While useful for narrow tasks, prompts are described as non-deterministic, weakly specified, and difficult to verify when applied to broader operational contexts. The discussion occurs within the context of software engineering and artificial intelligence, specifically focusing on the limitations of current prompting techniques for complex workflows. The author draws a sharp distinction between the reliability of software logic and the inherent uncertainty of relying on elaborate prompt chains to manage complex state changes.
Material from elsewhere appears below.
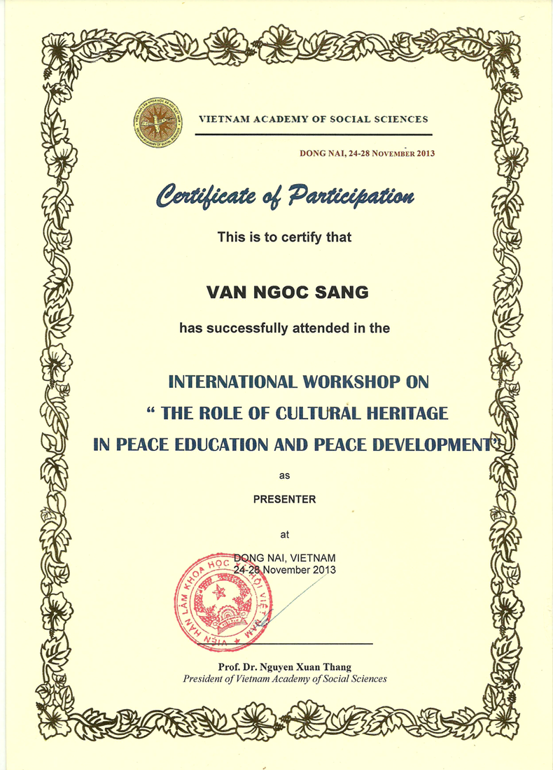 Van Ngoc Sang, Julie Nguyen. “The Role of Education in Solving the Conflict of Indigenous Heritage Preservation”. Proceeding of International Workshop on “The Role of Cultural Heritage in Peace Education and Peace Development”. Viet Nam, November 24-28, 2013.
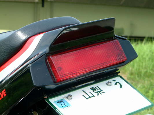 取り付けは純正テールカウル裏面に両面及び脱落防止ビスです。

The article notes that deterministic orchestration is only half the battle in building robust systems. In a system prone to silent failure, an agent without aggressive error detection is just a fast way to reach the wrong conclusion. The text emphasises that without programmatic verification, the lack of explicit validation checkpoints leaves the system vulnerable to errors that go unnoticed until they cause significant downstream issues.
Although the specific nature of the three options available without programmatic verification is not explicitly detailed in the provided text, the urgency of the argument remains clear. The article does not provide empirical data or case studies to substantiate the claim that reliability collapses specifically at a certain threshold of complexity; this remains a theoretical assertion by the author. Similarly, the text does not specify which existing software architectures or frameworks are currently being used to implement these deterministic scaffolds, leaving the implementation details open for further industry exploration.